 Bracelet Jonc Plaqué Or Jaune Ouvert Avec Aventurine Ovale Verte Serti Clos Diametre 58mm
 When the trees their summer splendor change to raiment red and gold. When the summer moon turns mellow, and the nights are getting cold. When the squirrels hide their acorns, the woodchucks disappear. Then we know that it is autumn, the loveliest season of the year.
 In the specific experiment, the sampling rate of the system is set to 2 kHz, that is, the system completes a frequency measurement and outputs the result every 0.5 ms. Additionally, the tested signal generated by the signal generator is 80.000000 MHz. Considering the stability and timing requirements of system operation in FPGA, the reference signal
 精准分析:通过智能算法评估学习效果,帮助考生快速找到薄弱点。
────────────────────
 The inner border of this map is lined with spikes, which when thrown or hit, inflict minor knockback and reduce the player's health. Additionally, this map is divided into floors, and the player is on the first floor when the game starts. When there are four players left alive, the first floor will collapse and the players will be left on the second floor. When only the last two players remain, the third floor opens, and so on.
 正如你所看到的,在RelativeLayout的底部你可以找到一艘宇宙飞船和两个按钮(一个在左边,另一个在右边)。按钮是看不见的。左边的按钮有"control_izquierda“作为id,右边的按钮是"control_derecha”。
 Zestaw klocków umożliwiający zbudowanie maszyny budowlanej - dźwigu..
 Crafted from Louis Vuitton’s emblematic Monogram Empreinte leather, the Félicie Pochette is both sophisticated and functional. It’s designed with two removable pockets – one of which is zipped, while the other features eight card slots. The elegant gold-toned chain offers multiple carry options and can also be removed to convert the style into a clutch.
────────────────────
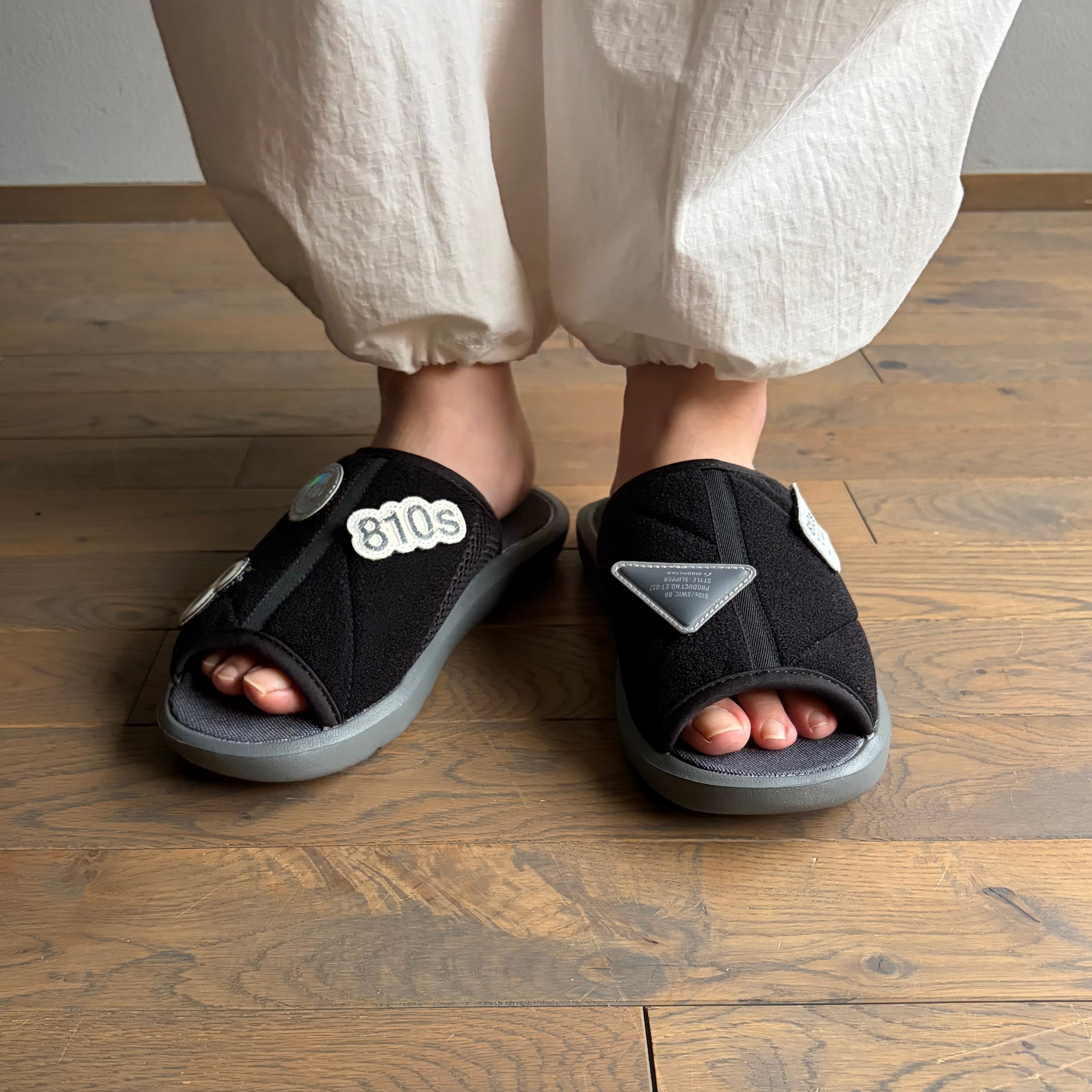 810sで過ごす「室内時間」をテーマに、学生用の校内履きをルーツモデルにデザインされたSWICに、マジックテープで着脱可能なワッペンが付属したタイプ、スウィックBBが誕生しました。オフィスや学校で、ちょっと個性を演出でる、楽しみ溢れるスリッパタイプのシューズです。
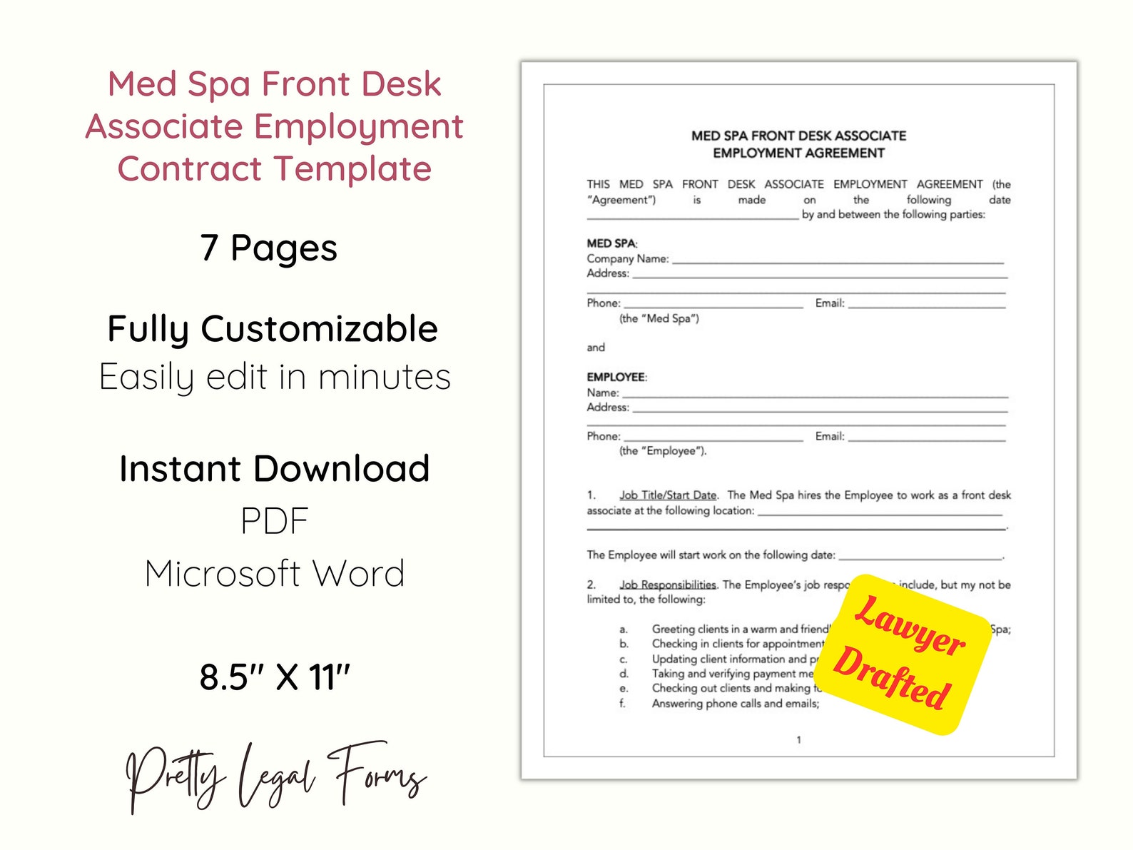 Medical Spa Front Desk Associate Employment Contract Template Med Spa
────────────────────
- **Requirement**
Return all lines of the data in which the string "gold" appears.

- **Expected answer**
 When the trees their summer splendor change to raiment red and gold. When the summer moon turns mellow, and the nights are getting cold. When the squirrels hide their acorns, the woodchucks disappear. Then we know that it is autumn, the loveliest season of the year.
 Crafted from Louis Vuitton’s emblematic Monogram Empreinte leather, the Félicie Pochette is both sophisticated and functional. It’s designed with two removable pockets – one of which is zipped, while the other features eight card slots. The elegant gold-toned chain offers multiple carry options and can also be removed to convert the style into a clutch.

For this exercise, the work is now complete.